He gazed into it and saw neither spider-web like cracks, nor even a trace of any damage bar the slight warping of the reflective surface in the top right corner. The mirror had been restored, and now Harry didn't know what he was going to do about it. Originally he had been so wrapped up in the idea, so consumed with a want, a need to do something, that he'd never even entertained the very thought of what he'd do once he'd finished his self-appointed task.

And so, there he sat, alone in the drawing room – the room with the huge tapestry that was the last remaining remnant of a once proud and (as they liked to think) noble pureblood family, the Black's. From where he was positioned upon the dark, leather sofa, Harry could just about make out the burnt holes that signified where those Black's who had stood apart from the family's ideals once existed in the family tree.

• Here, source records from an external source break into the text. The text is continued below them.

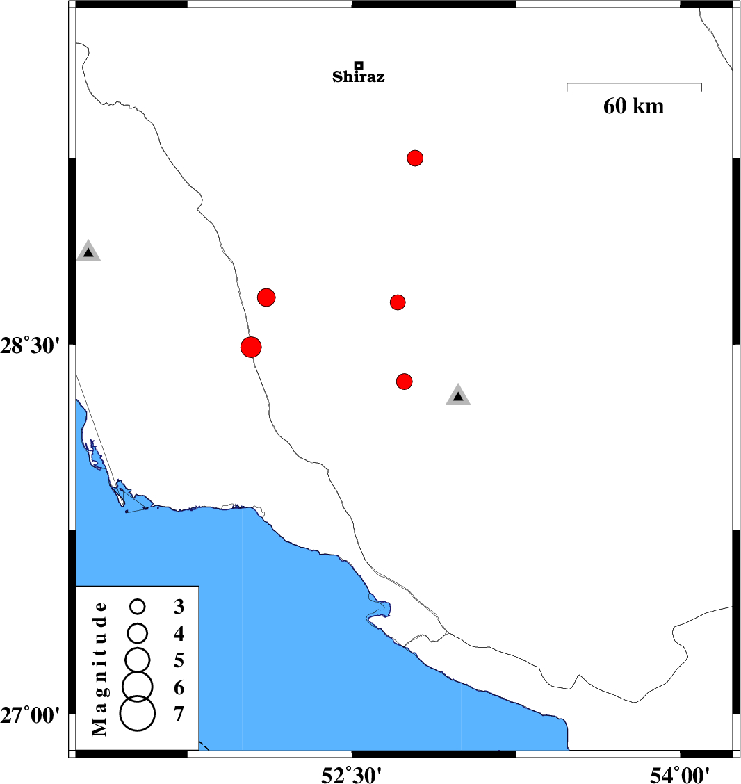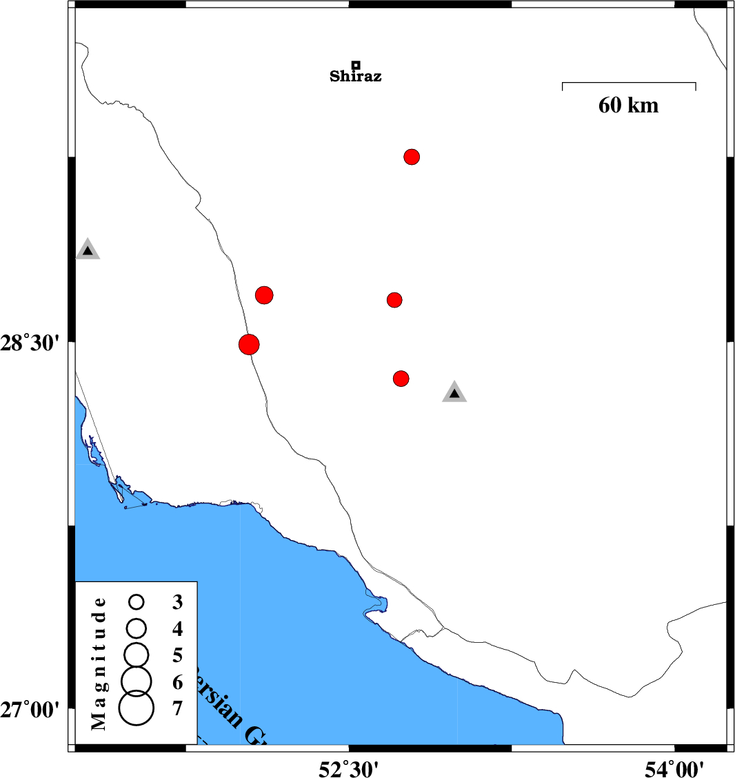 | 2010/12/09 | 18:14:45.1 | 21:44:45.1 | 28.49 | 52.04 | 35 | ML4.3 | Bushehr Province, 43 km South of Farashband |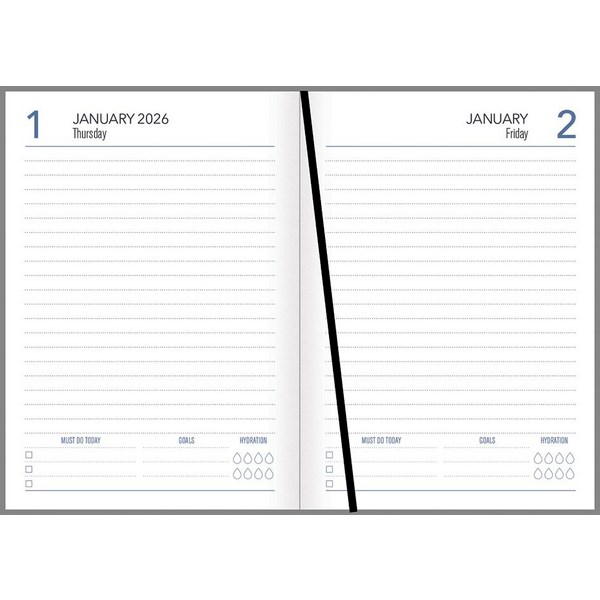 Get organised and keep track of all your important appointments with this Collins A5 Diary. The day per page layout is ideal for those who need plenty of space to plan out their day in detail. Each page has a Must Do checklist, a Goals list and a Daily Hydration tracker, along with space for notes and reminders, making planning easy and simple.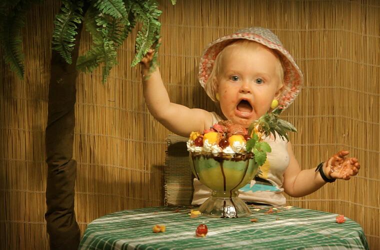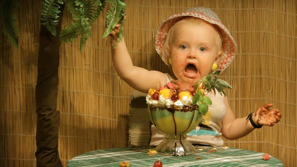 Aus Großbritannien kommt ein Werbespot für den atomar betriebenen Herd "Hälkke 9", der das "altmodische, zeitintensive Kochen mit seinen Unannehmlichkeiten wie Fettspritzern gänzlich überflüssig macht". Im Beitrag aus Österreich isst Familie Meiberger zu Abend. Was kein Filmthema wäre, würden die Protagonisten in "Tomatenköpfe" nicht die Schwerkraft besiegen und der Gravitation beim Nudelschmaus ein Schnippchen schlagen.

There, between Narcissa and Bellatrix, should have been Andromeda. But, because she had fallen in love with - and married - a muggle-born, she had been smote from the family like a mongrel dog that has been found gnawing at the table legs, bringing muddy paw prints into the kitchen. No dog deserved that kind of treatment, and certainly no human being either.

But, sadly, this despicable act of family treachery occurred to everyone who didn't fit in with the family as a whole. Among others, Harry's own godfather, Sirius Black, had been kicked out from the family. No longer wishing to stay with such people, he had fled from the family home at number twelve Grimmauld Place, and had lodged in with Mr. and Mrs. Potter, otherwise known as Harry's grandparents.

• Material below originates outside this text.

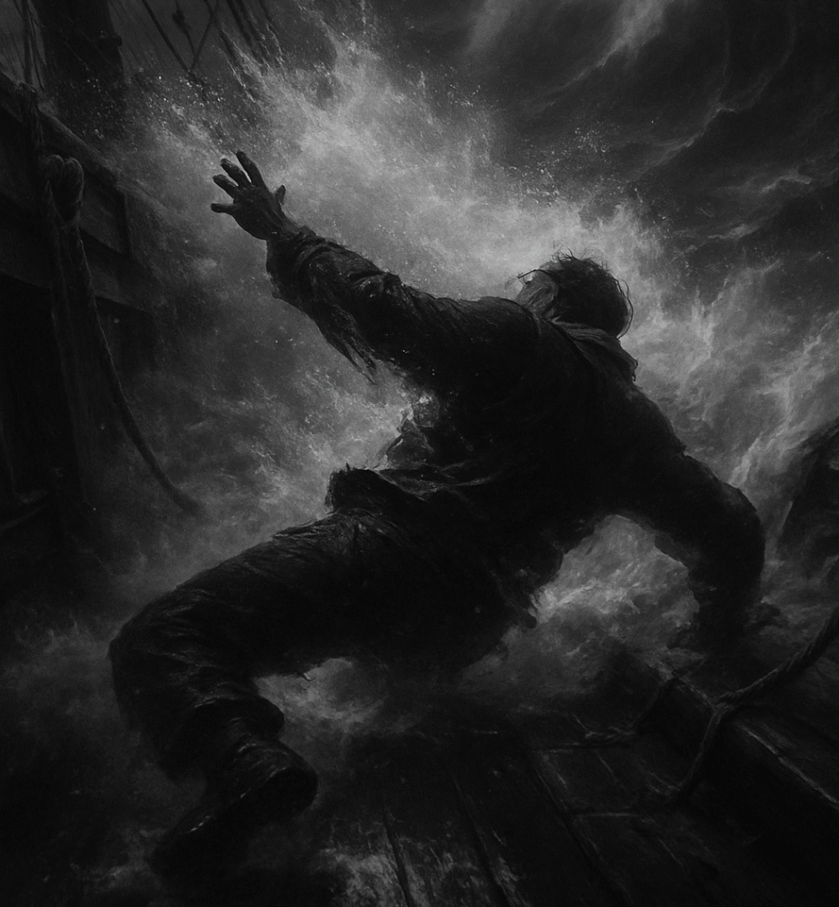 W dniu gdzie myśleli, że zatoną, gdy fale niosły – rozszarpane części ich statku głęboko w morze.

Staring at the tapestry brought back a memory Harry didn't want to experience, because with it came feelings and emotions, and Harry didn't want either of them right now. So, instead, he focused on the object resting like a phoenix reborn in his hands.

"Hello?"

The simple welcome brought no answer to Harry's ears. He was willing to give the mirror just three more chances this time, and now it had used up the first. Slowly, Harry positioned the last gift his Godfather had ever given him so that reflected emeralds were aligned with his real ones.

"I would like to talk to Sirius Black," he said, highlighting each syllable clearly – just the same as he'd heard the muggle news reporter speak. "Please," was added as an afterthought a good ten seconds later.

No reply.

'_That's it_,' he thought, '_one last try and then I'm never using it again. It can just go on the pile of things Kreacher keeps trying to hide from us_.'

A brief but futile burst of resentment towards the foul, demented house-elf arose in Harry, though he'd long since shaken off any mal-intentions and feelings towards Kreacher. The poor thing had simply been a product of the mad ravings of his family – more specifically, Mrs. Black, Sirius' mother – and so had interpreted anything and everything said to him by Sirius as an order. It wasn't Kreacher's fault, when told to "Go!" he had thought it meant "away from the house." It wasn't Kreacher's fault that he'd gone to the only remaining Black that he could easily get along with – Narcissa Malfoy. And _no_, it was most certainly **not** Kreacher's fault that Lord Voldemort had discovered Harry was Sirius' godson.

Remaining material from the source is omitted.